- _EXERCISE INPUT_
────

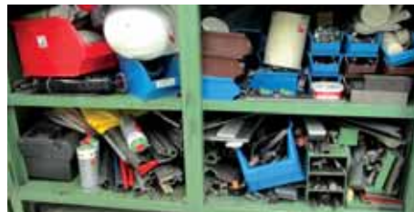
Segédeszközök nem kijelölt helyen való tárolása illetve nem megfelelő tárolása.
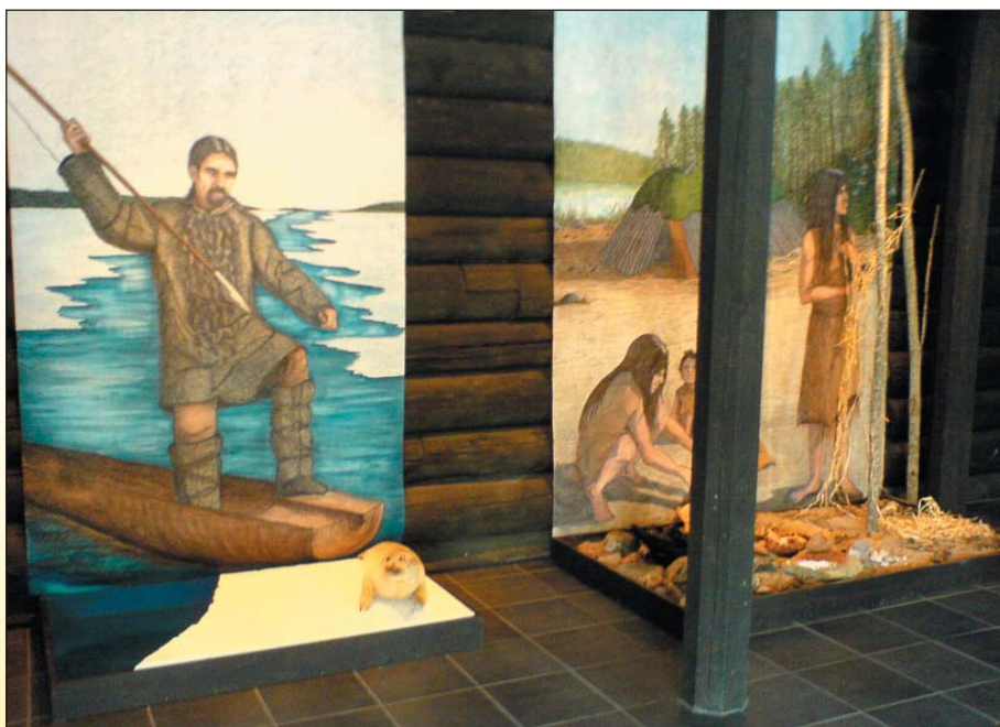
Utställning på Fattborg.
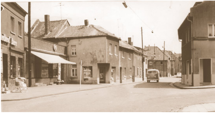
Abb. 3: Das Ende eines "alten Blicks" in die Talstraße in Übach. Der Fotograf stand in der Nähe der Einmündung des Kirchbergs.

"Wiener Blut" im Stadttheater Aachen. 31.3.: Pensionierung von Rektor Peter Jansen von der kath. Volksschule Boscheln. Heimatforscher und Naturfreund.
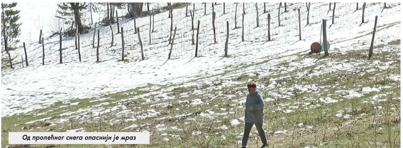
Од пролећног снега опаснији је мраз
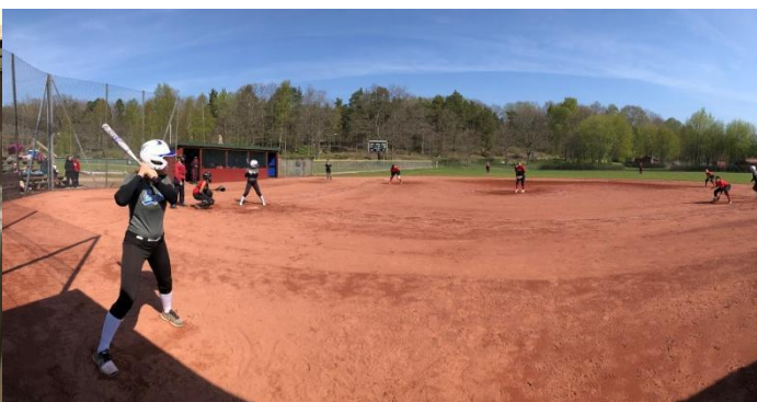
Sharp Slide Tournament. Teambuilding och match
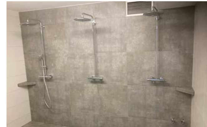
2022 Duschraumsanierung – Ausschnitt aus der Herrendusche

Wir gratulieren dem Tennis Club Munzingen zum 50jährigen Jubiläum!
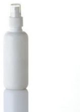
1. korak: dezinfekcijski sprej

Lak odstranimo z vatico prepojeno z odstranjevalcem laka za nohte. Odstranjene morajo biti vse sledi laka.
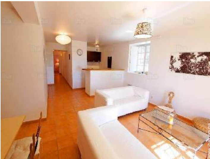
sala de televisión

────

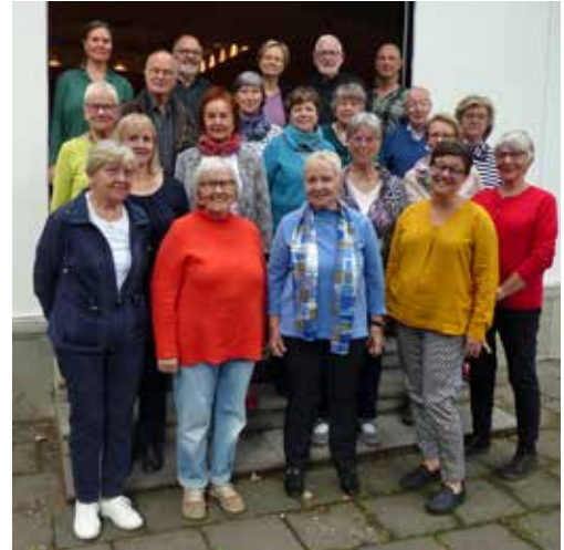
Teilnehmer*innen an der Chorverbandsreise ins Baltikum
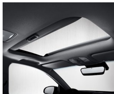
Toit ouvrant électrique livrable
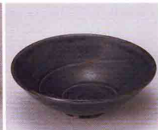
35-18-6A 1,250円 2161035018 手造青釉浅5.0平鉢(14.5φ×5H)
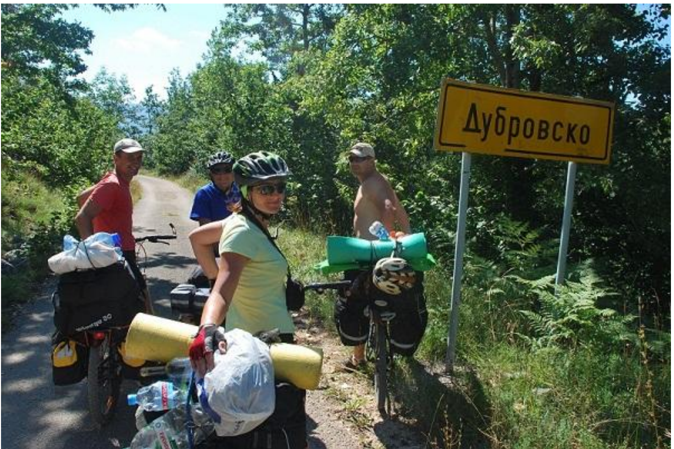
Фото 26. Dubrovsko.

────

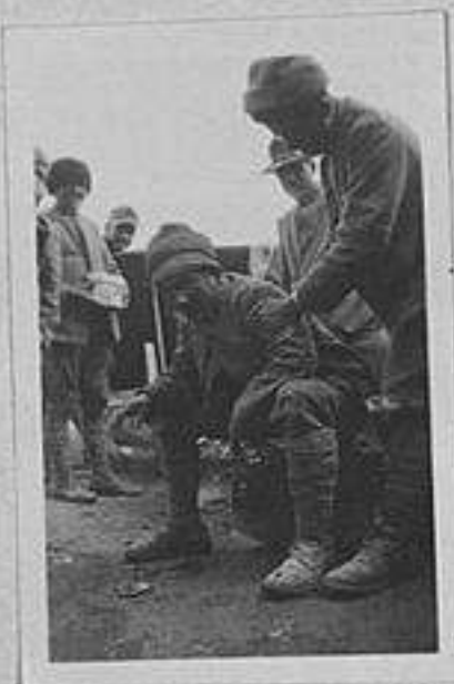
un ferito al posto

────

- _PROBLEM DESCRIPTION_
Everything above from the line with "2022 Duschraumsanierung –" through the line with "sala de televisión" should be retyped exactly, and nothing else; omit pictures.

- _YOUR SOLUTION_
2022 Duschraumsanierung – Ausschnitt aus der Herrendusche

Wir gratulieren dem Tennis Club Munzingen zum 50jährigen Jubiläum!
1. korak: dezinfekcijski sprej

Lak odstranimo z vatico prepojeno z odstranjevalcem laka za nohte. Odstranjene morajo biti vse sledi laka.
sala de televisión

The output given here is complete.